Mental Health Center Wins Good Government Award
County partnership with area health systems on emergency mental health care gets award.
A partnership of Milwaukee County and area health systems is being honored by a good government organization for their work on the new Mental Health Emergency Center, 1525 N. 12th St.
The project is being recognized at the annual Salute to Local Government Awards held by the Wisconsin Policy Forum as one of the best public-private partnerships of the year.
The $12 million, 12,000-square-foot facility was first announced in late 2020. As the policy forum noted, the center is a major milestone in a redesign of the county’s mental health system. The county Department of Health and Human Services has been building out a decentralized system for responding to and treating mental health crises.
Opening the MHEC allowed the county to move out of the Mental Health Complex on Watertown Plank Road in Wauwatosa, built in 1978, and into a decentralized network of clinics and care centers. The goal is to make it easier for people to access mental health care, and to get them in touch with services, even crisis services, earlier on. A major criticism of the county’s mental health system has been that people in crisis often don’t get the help they need until police are called to respond to an incident.
Kevin Kluesner, MHEC administrator, told Urban Milwaukee in September that when there isn’t a health care facility devoted to psychiatric crisis, people are often seeking treatment through the emergency department at their nearest hospital, which often doesn’t have a psychiatrist on staff. The MHEC has two psychiatrists in the facility providing 24/7 service.
Zoo Official Wins Award for Excellence
In another award by the forum, Vera Westphal, a long-time civil servant for Milwaukee County, is being honored with the Norman G. Gill Award for Individual Excellence.

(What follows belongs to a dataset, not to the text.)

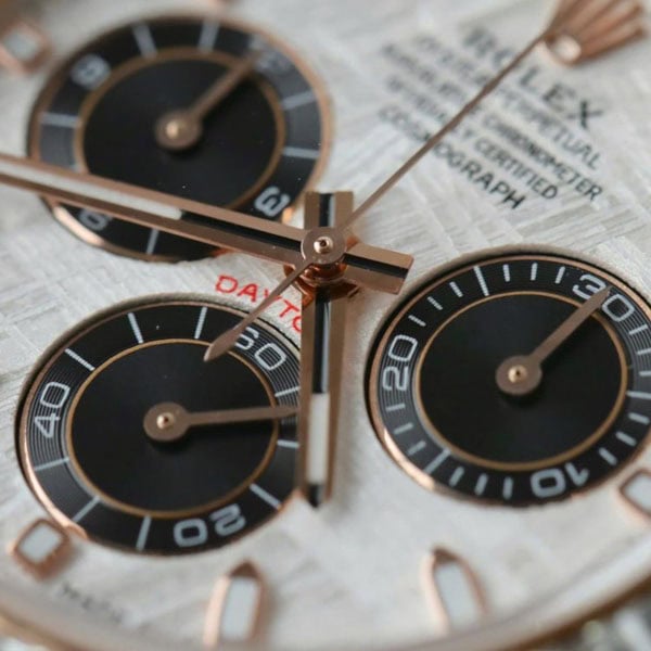 これは、コスモグラフ デイトナの中でも唯一のメテオライト文字盤のモデルです。

Westphal has worked in county government for more than four decades, according to the policy forum, with the last 17 at the Milwaukee County Zoo. Currently she is the deputy director of the zoo and served as interim-director while the county worked to fill the position, eventually hiring Amos Morris.
“Her accomplishments include creating and leading the zoo’s Green Committee to boost its sustainability and conservation practices, helping create new revenue for the zoo through its Wild Connections program, helping to improve zoo concessions and retail operations by outsourcing them, and leading the effort to secure federal funds to keep the zoo operating during the height of the COVID-19 pandemic,” the forum said.